Data records
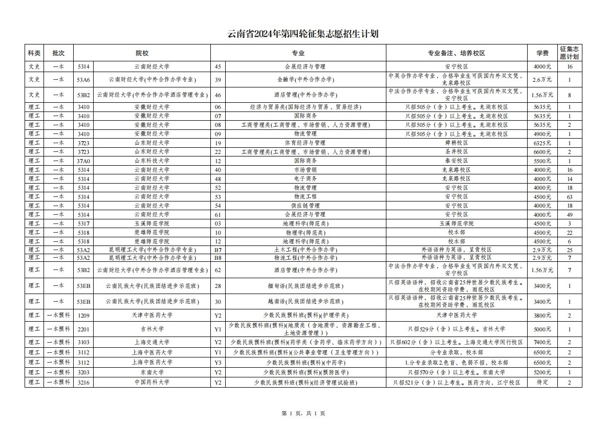 据云南省招生考试院消息:根据实际录取进度,2024年普通高校招生第四轮征集志愿工作定于7月30日至31日上午进行。本轮征集志愿涉及文理科一本批、一本预科批部分高校。
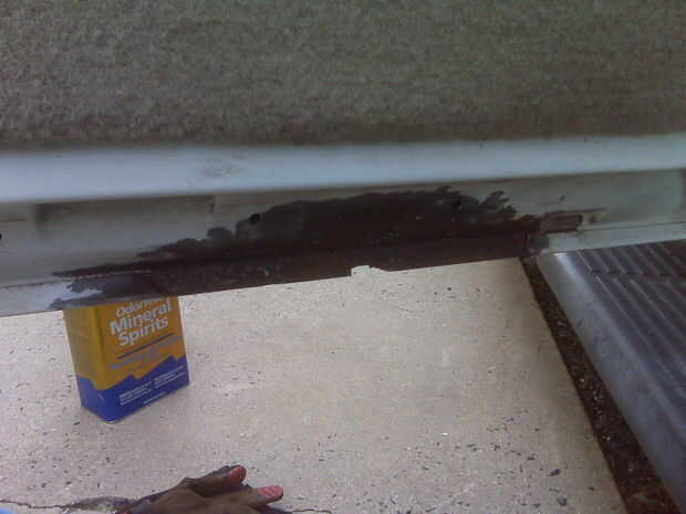 coche de mi marido había desarrollado un gran agujero de óxido en la defensa debajo de la tapa de la gas.Necesario fijar antes el invierno, y mi marido no tenía el tiempo libre a reparar y no quería pagar los 150-200 $ a un taller de carrocería.Así q
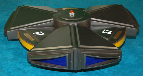 Description: A transporter inhibitor featured in Star Trek IX: Insurrection used to keep Son'a forces from forcibly evacuating the Ba’ku from their village. The item is a sizeable disk shaped prop with triangular fittings molded into the plastic shell. The item features colored acrylic elements and electrical light components which are connected to an untested wire and plug extending from the bottom. The item is adorned with multiple numeric value applications and Starfleet inventory applications. The item measures approx. 30 X 9.5 inches.
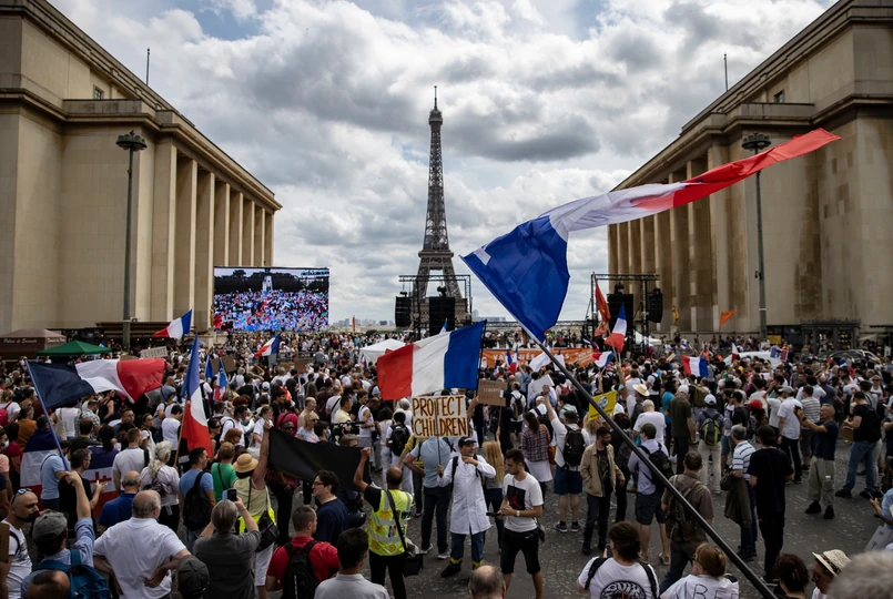 Na Placu Trocadero niedaleko wieży Eiffla na wezwanie Floriana Philippota, polityka skrajnej prawicy, byłej prawej ręki Marine Le Pen, zgromadziły się setki osób. Jest was tysiące - powiedział Philippot, jeden z głównych organizatorów sobotnich oraz zeszłotygodniowych protestów, który jest przeciwny paszportom sanitarnym i wzywa do bojkotu obowiązku ich posiadania.
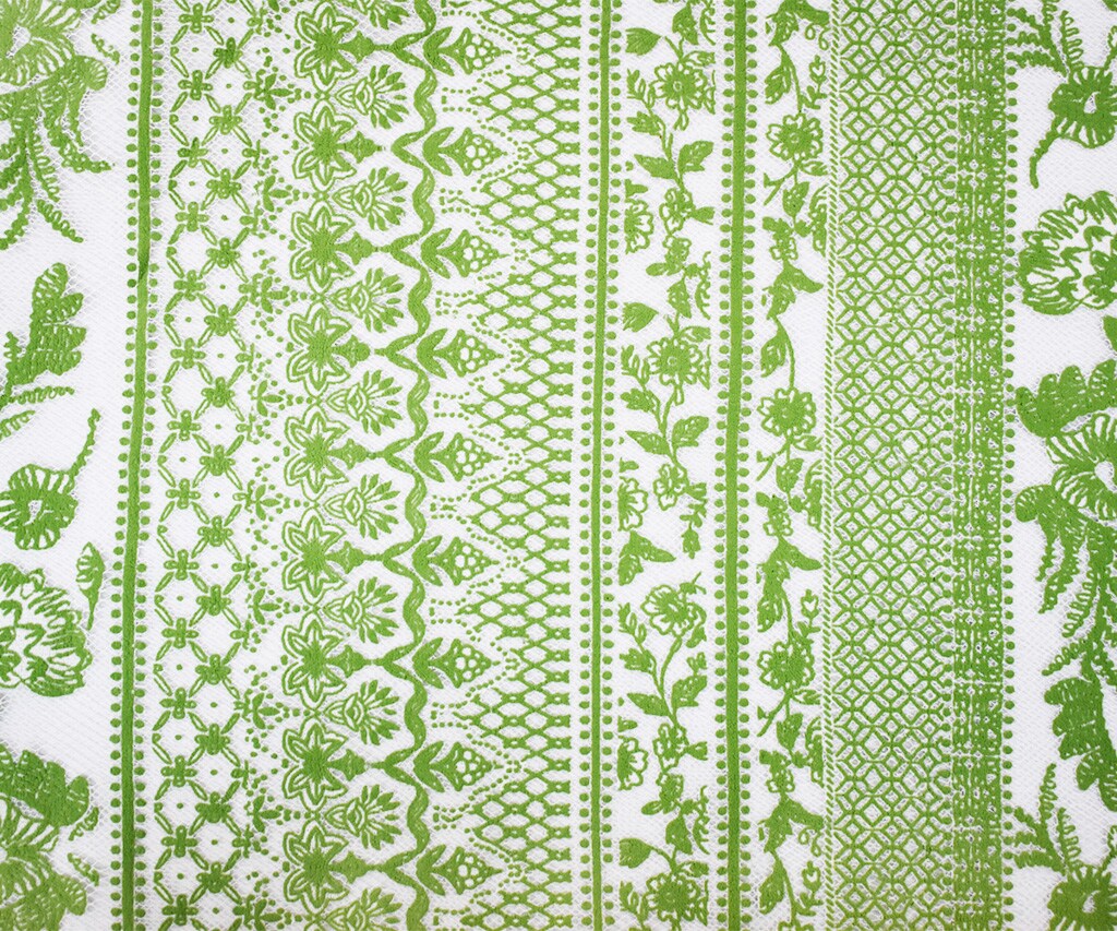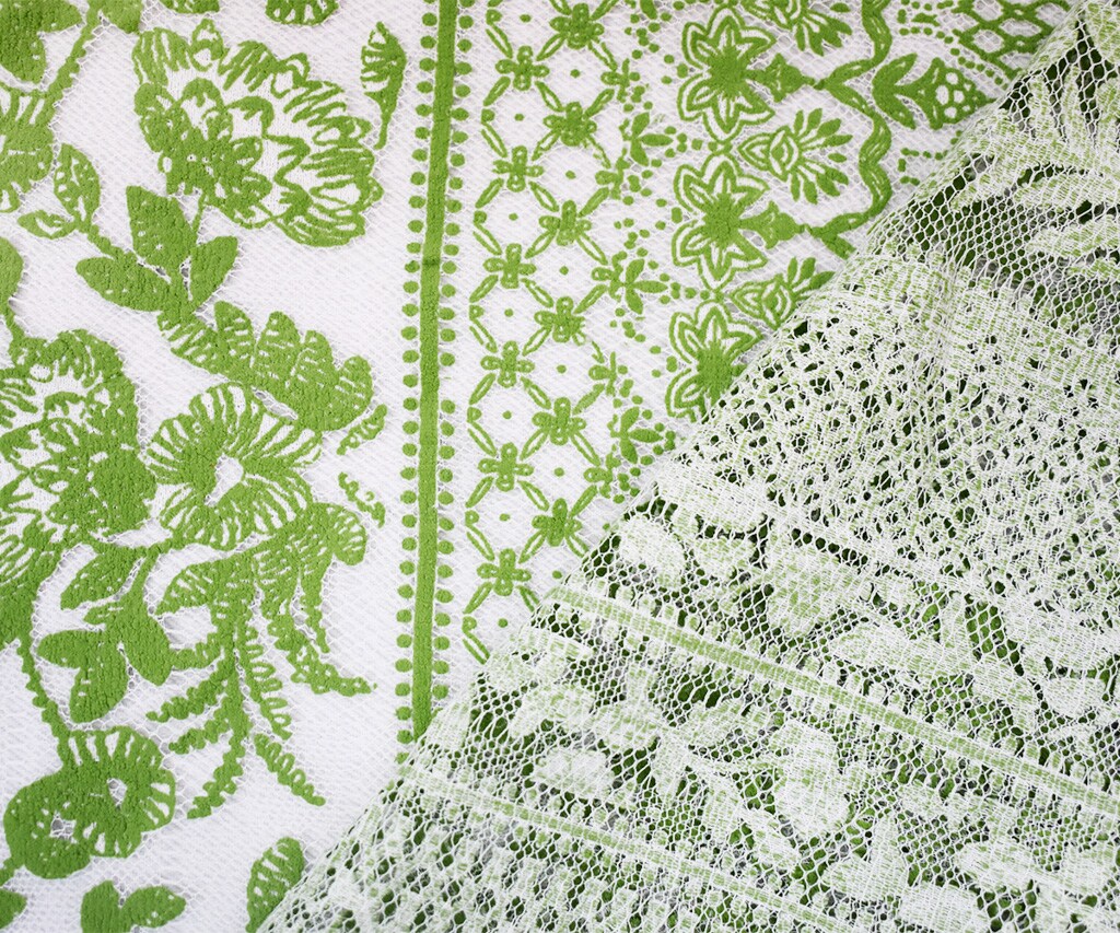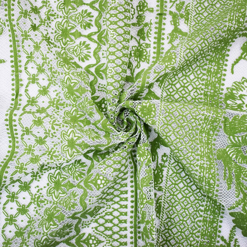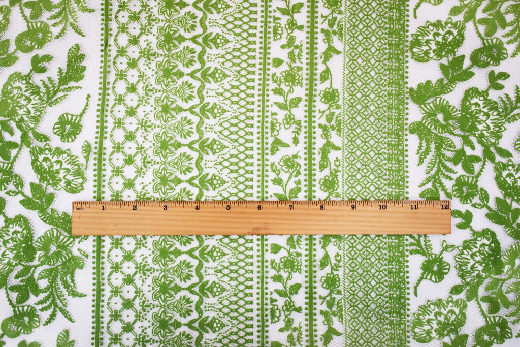 White-Green Nylon Cotton Floral Stripe Printed Mesh Tulle Knit Fabric By the Yard

▶ _Exercise objective_
Could you copy all of the entries above exactly, without the pictures?

▶ _Answer space_
 据云南省招生考试院消息:根据实际录取进度,2024年普通高校招生第四轮征集志愿工作定于7月30日至31日上午进行。本轮征集志愿涉及文理科一本批、一本预科批部分高校。
 coche de mi marido había desarrollado un gran agujero de óxido en la defensa debajo de la tapa de la gas.Necesario fijar antes el invierno, y mi marido no tenía el tiempo libre a reparar y no quería pagar los 150-200 $ a un taller de carrocería.Así q
 Description: A transporter inhibitor featured in Star Trek IX: Insurrection used to keep Son'a forces from forcibly evacuating the Ba’ku from their village. The item is a sizeable disk shaped prop with triangular fittings molded into the plastic shell. The item features colored acrylic elements and electrical light components which are connected to an untested wire and plug extending from the bottom. The item is adorned with multiple numeric value applications and Starfleet inventory applications. The item measures approx. 30 X 9.5 inches.
 Na Placu Trocadero niedaleko wieży Eiffla na wezwanie Floriana Philippota, polityka skrajnej prawicy, byłej prawej ręki Marine Le Pen, zgromadziły się setki osób. Jest was tysiące - powiedział Philippot, jeden z głównych organizatorów sobotnich oraz zeszłotygodniowych protestów, który jest przeciwny paszportom sanitarnym i wzywa do bojkotu obowiązku ich posiadania.
 White-Green Nylon Cotton Floral Stripe Printed Mesh Tulle Knit Fabric By the Yard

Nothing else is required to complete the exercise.